Kostas - large output shocks that are supply-side shocks shouldn't be tackled via demand-side stimulus. On the historical evidence, it's honestly hard to say what the ultimate causes of the various episodes are. My only point is that a combination of fiscal contraction and/or monetary tightening can always prevent hyperinflation whatever the trigger tends to be.

Kostas Kalevras

Ashwin, "large output shocks that are supply-side shocks shouldn’t be tackled via demand-side stimulus." When I wrote 'output stabilization' I was mainly referring to the fact that in order to combat hyperinflation what is needed in the first place is for output to return to 'normal'. Factories to reopen in the Ruhr, farm output to stabilize in Zimbabwe. "My only point is that a combination of fiscal contraction and/or monetary tightening can always prevent hyperinflation whatever the trigger tends to be." My fear is that combating hyperinflation (when its cause is a large fall in output) is destined to lead to deflation and depression not to a return to a low and stable inflation regime. Consider a scenario where inflation is 100% while the interbank rate is 10%. If financial assets were bearing coupons of 12% it is true that the inflation-adjusted return-on-capital of a dealer purchasing these using borrowed funds (say in the repo market or using the CB discount window) would be very low unless he increased its purchases substantially. But his capital would remain intact. A commitment by the CB to fight this inflation wave by raising rates is basically a commitment to inflict large capital losses on any (financial and real) asset holder who finances his portfolio through short-term borrowing. This action would lead to actual loss of capital and bankruptcies. It would be highly deflationary and create large stress in the markets by increasing the actual risk of principal loss on loans. In the end it would be even more destabilizing than a large inflation wave and threaten the very existence of the financial market as well as lead to a serious loss of output. If we 're talking about a supply-shock on output (even one that leads to hyperinflation) is monetary policy the right tool?
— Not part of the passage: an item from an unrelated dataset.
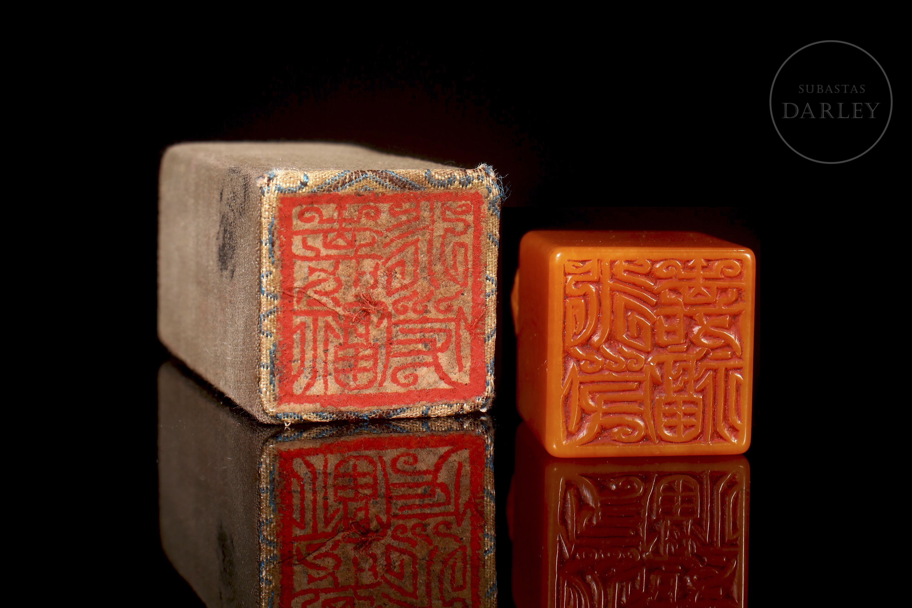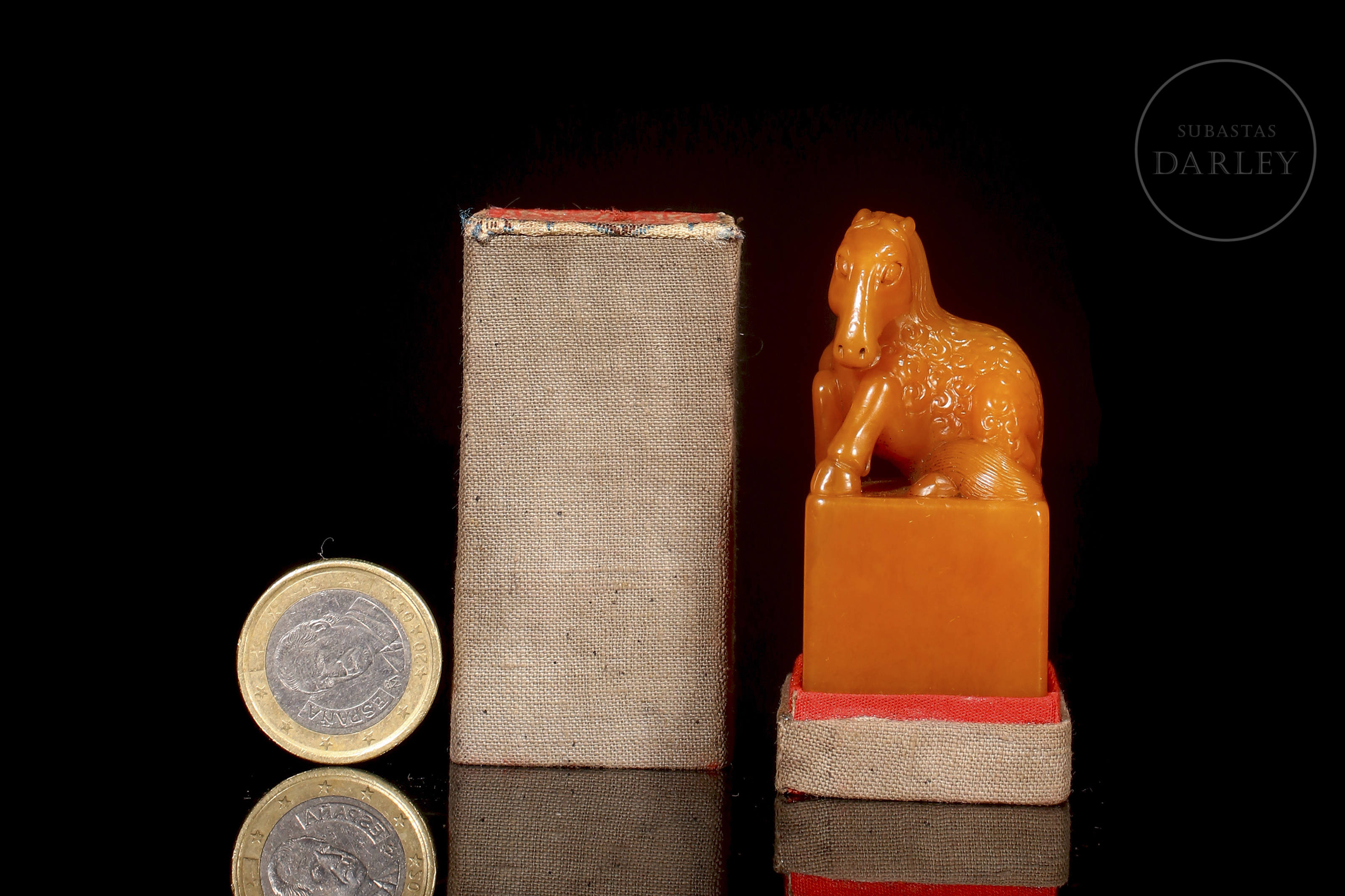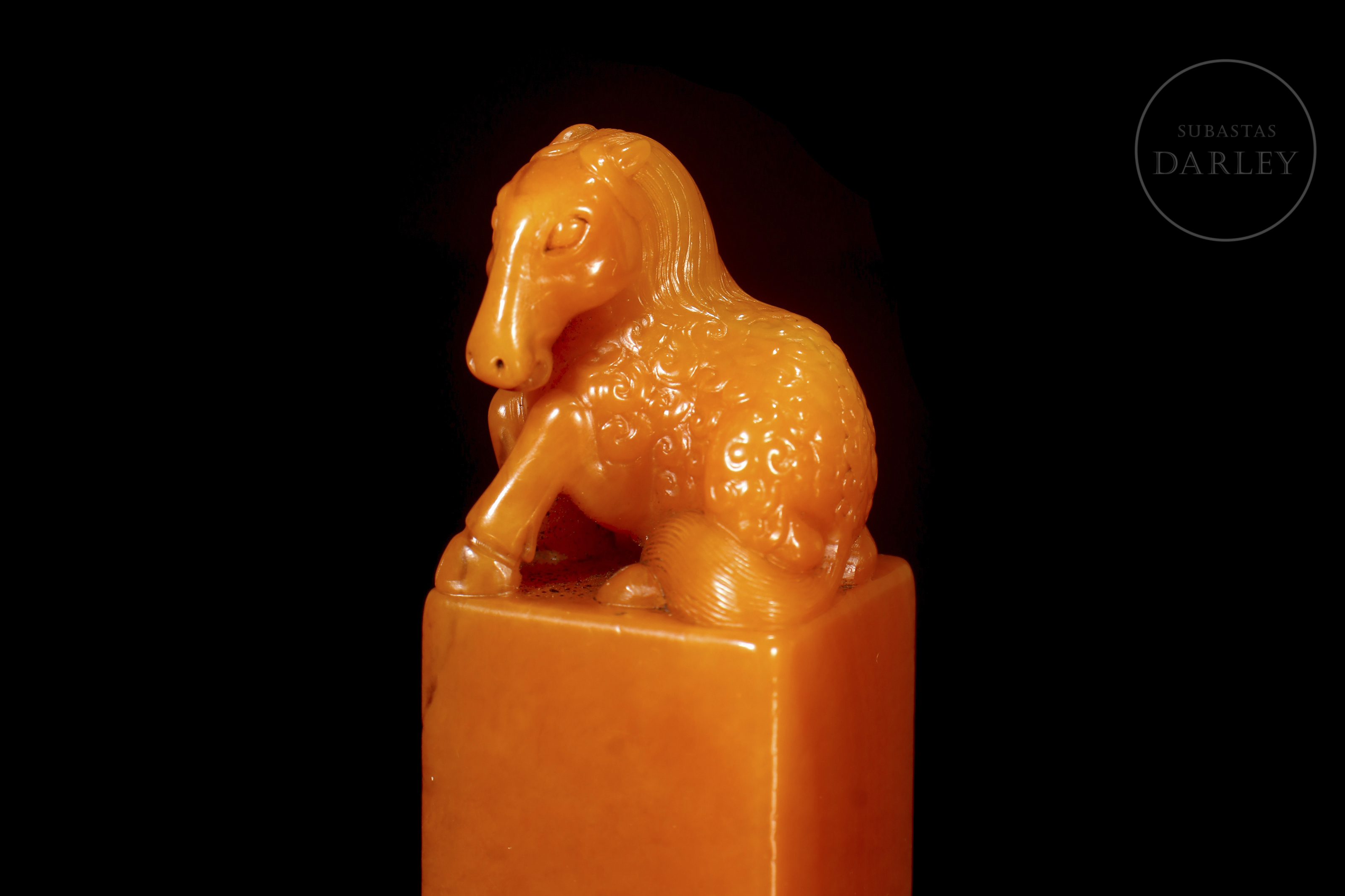 Tallado en piedra Shoushan de tonalidad anaranjada, coronado por la figura de un caballo en posición sedente, con la cabeza girada hacia el lomo, trabajado con atención al detalle en las crines y el pelaje, resuelto en volutas ondulantes. En uno de los laterales, presenta una inscripción caligráfica incisa. La base del sello conserva el grabado original para su estampado. Con caja a medida forrada en tela.
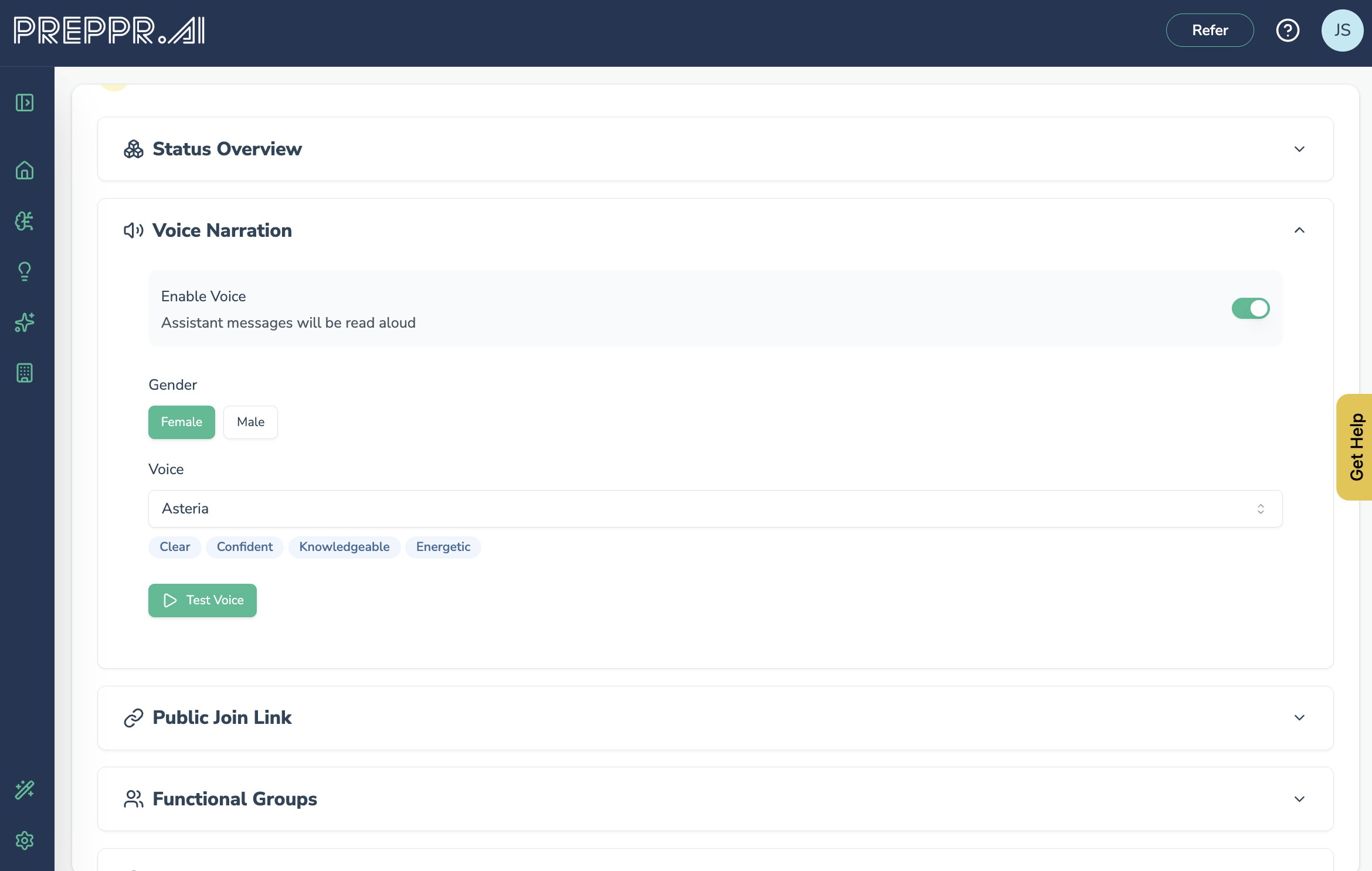 Preppr Exercise uses configurable voice narration to read prompts aloud, summarize discussion, and guide participants through exercises — helping facilitators maintain flow and focus without added effort.

If Israel bombed Iran to the ground and oil went to 300$/barrel would it be a good idea to use interest rates to combat the resulting inflation? I think it's rather different to attack an inflation wave (however large it might) than to try to move the long-run inflation expectations (something that Volcker did in 1980 for instance).

Ashwin

Kostas - when inflation is 10% and inflation is 100%, no securities are trading at 12% yield. Private firms/banks borrow at 10% and buy real assets i.e. the ones going up an average of 100% a year. There is no incentive for anyone to invest in a 12% yield asset. Hiking rates simply stops this taxpayer-funded transfer of the country's wealth to those who have access to the central bank. Even a short period of such negative real rates essentially wipes out all debts - private or public. There is no possibility of a debt-deflation cycle in such an environment. When rates are hiked and/or fiscal spending is slashed, the economy usually does just fine - the post-Weimar experience is a good example.

Kostas Kalevras

Ashwin We are talking about long-term securities and a wave of inflation. How their yields will react will depend on if the private sector considers the inflation permanent and how the central bank will react (which is our question anyway) since its the one that sets the cost of funds for the economy. For a dual mandate CB (such as the Fed), the reaction is not that clear. In any case, what I am trying to say is that the CB 'reaction function' is not symmetrical. In a falling inflation environment (not negative inflation), falling interest rates provide capital gains to holders of long-term securities. When interest rates are hiked (in a unexpected manner), the CB is commiting to inflict capital losses on holders of long-term securities. At some point, interest rates hikes and the financial stability mandate start conflicting each other. No CB would be allowed to fight hyperinflation by destroying the financial sector which means that, after a certain dose of inflation, its actions happen with a lag.